*YOUR OBJECTIVE*
Retype all data exactly as given. Pictures should not be retyped.

-- INPUT DATA follows --

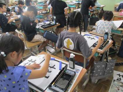 毛筆の学習を頑張りました。
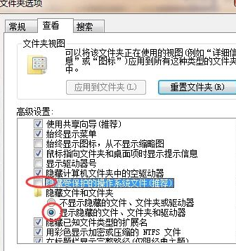 3.取消勾選“隱藏受保護的操作系統文件”,點擊“顯示隱藏的文件、文件夾和驅動器”小圓點。點擊確定后,就會顯示出之前隱藏的文件。
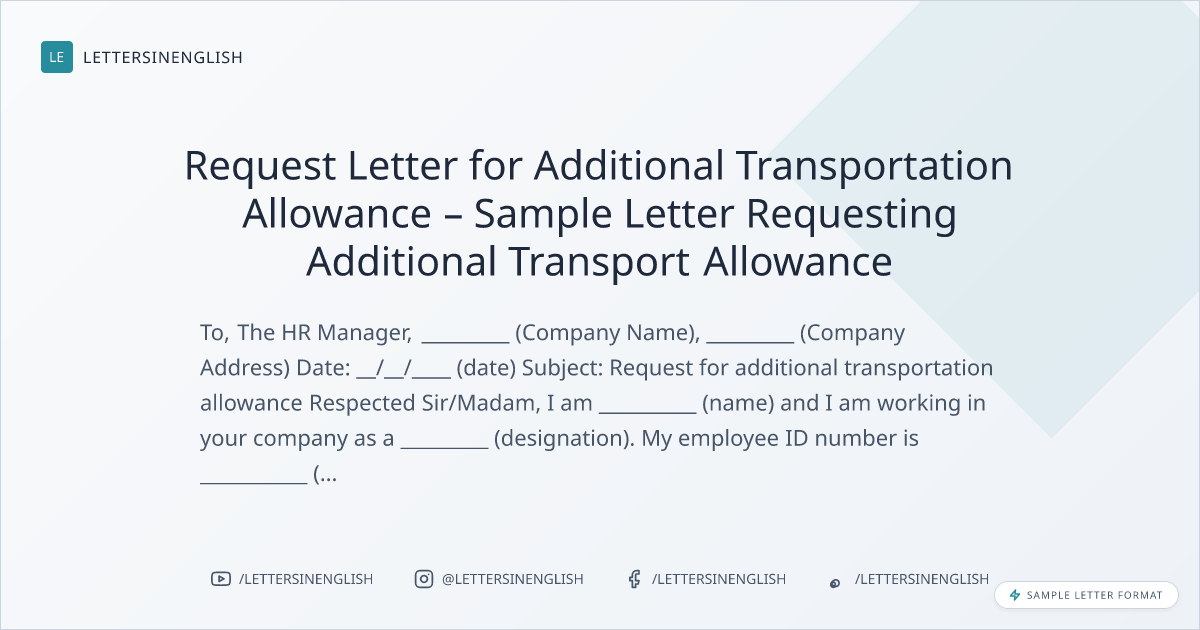 - request letter for additional transportation allowance
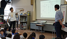 子どもたちが前のめりになるくらい、楽しく授業を進めていきます。

-- INPUT DATA concluded --

*TASK RESULT*
 毛筆の学習を頑張りました。
 3.取消勾選“隱藏受保護的操作系統文件”,點擊“顯示隱藏的文件、文件夾和驅動器”小圓點。點擊確定后,就會顯示出之前隱藏的文件。
 - request letter for additional transportation allowance
 子どもたちが前のめりになるくらい、楽しく授業を進めていきます。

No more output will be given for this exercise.